Ten engineers, the output of thirty: the honest enterprise agentic playbook

Q: What is agentic AI for software teams?

AI agents that execute units of work end to end (read an issue, plan, write code, run tests, fix in a loop) rather than only suggesting code, moving the bottleneck from writing code to reviewing logic.

Q: What is the Agency Router?

A routing layer that assigns each task to the cheapest tier of model autonomy that can complete it reliably, so you spend the agency each task deserves. The router, not the model, is the product.

Q: How much productivity gain is realistic from AI coding agents?

A blended 1.7 to 2.1 times within six months, not 3x. Boilerplate compresses ~2.8x, refactoring ~2.4x, novel architecture ~1.1x; on familiar code a careless rollout can land below 1.0.

Q: Should AI coding agents run on local, self-hosted, frontier, or managed-cloud models?

All four, with a router choosing per task: local for routine/sensitive, self-hosted for 75-85% of volume, frontier for the hard 15-25%, managed cloud only for compliance. Self-hosted is ~8-15x cheaper all-in at volume.

Q: Build or buy: what agentic platform should an enterprise own?

Buy the models; build the platform. The router, the evaluation harness, and the guardrails are the product. Subscription seats are cheapest to start and most expensive at scale with the least control.

Q: What governance, evals, and guardrails do AI coding agents need before production?

An eval set of 50-100 real tickets run on every model/router change, budget caps and sensitive-repo pins at the gateway, secret redaction, and a human production gate. Without measured evals you govern on vibes.

Q: How do you keep proprietary code and data safe with AI agents?

Enforce the privacy order in the architecture: local, then self-hosted, then private cloud endpoint, then API with a no-train agreement, never proprietary code in a consumer chatbot. Pin sensitive repos and redact at the gateway.

Q: What is agent slop and how do you prevent it?

Plausible-but-wrong code produced at volume. Prevent it with human review that scales with output, tests gating the agent loop, an eval set that catches regressions, and a critic pass before merge.

Q: How should a CIO brief the CEO on cost and ROI?

Frame it as unit cost: a 35-45% lower cost per feature on most work. For 20 developers the tiered platform is ~$50-60k/month all-in versus $150k+ to hire the equivalent engineers, for the delivery of roughly thirty to forty.

Q: What is a realistic six-month rollout for agentic AI in engineering?

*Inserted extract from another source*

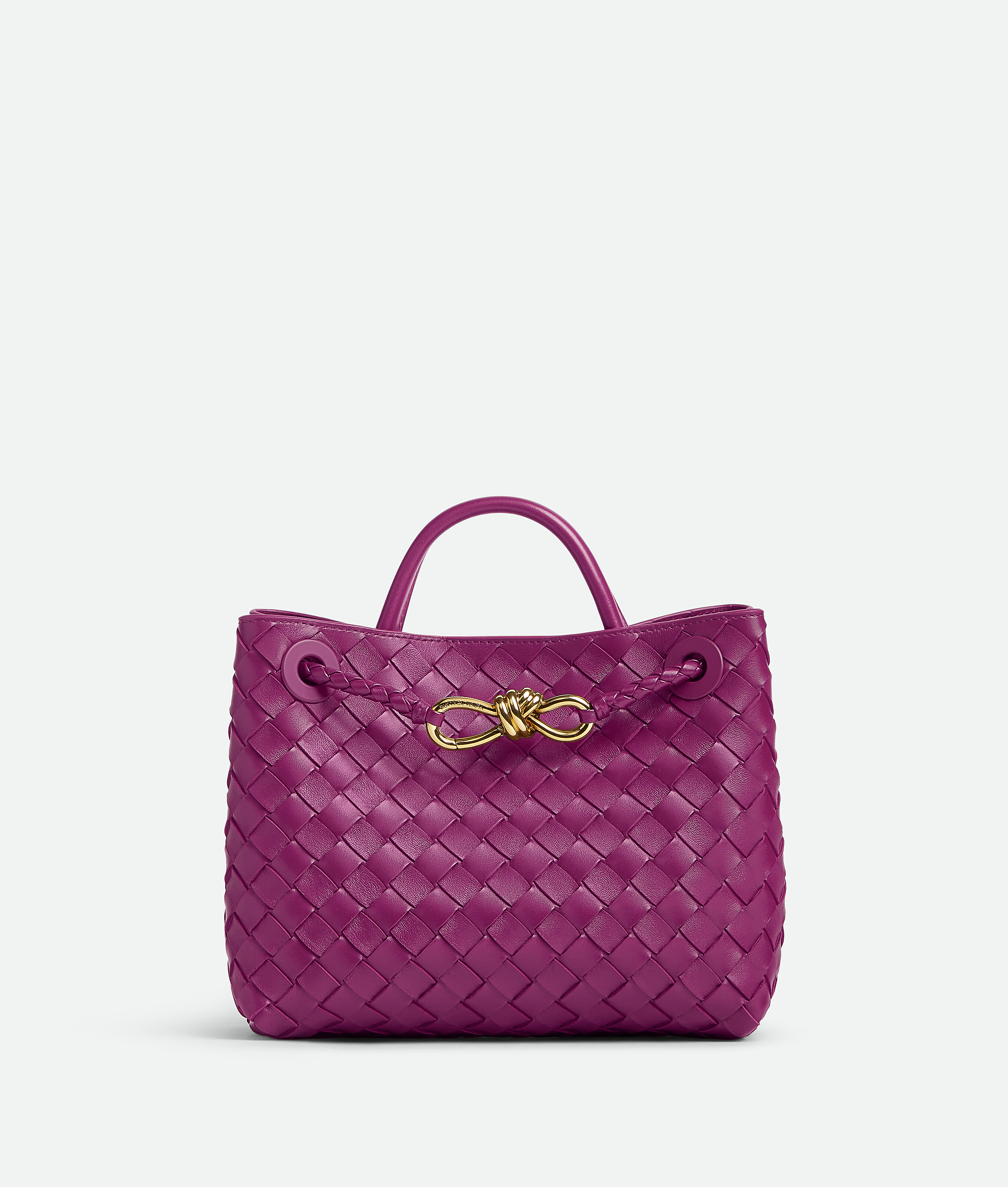 Top handle bag in Intrecciato leather with signature knot detail and sliding cross-body strap.

Weeks 1-4 pilot one repo and build the eval set; months 2-4 stand up the router and self-host a model; months 5-6 put agents in the pipeline with evals gating every change. At 90 days, if nothing moved, you bought tools, not a multiplier.

In short

Every vendor is selling a 3x engineering team. The number that survives contact with a real codebase is smaller and more useful: roughly 1.7 to 2.1 times blended throughput in six months, which feels like ten people delivering like fifteen to twenty, more on narrow work. You earn it from a router that runs four tiers and spends the agency each task deserves, not from buying model access. This post is the on-ramp. The full field guide, with the numbers and the roadmap, is a free ebook at the bottom.

A vendor will tell you that handing your developers an AI assistant turns ten of them into thirty. A skeptic will tell you it turns them into ten developers who write worse code faster. Both are wrong, and the gap between them is where the actual decision lives.

I have spent twenty-five years watching tools get sold as multipliers. Most were not. This one is, on a specific slice of the work, if you build the system around it. The trouble is that the system, not the model, is the hard part, and the system is the part nobody puts on the invoice.

Where should AI coding agents run? Local, self-hosted, frontier, or managed cloud

The first mistake is asking "which AI do we buy." The right question is "where does each task run." A serious organization runs four tiers at once and routes each request to the cheapest one that can do it well.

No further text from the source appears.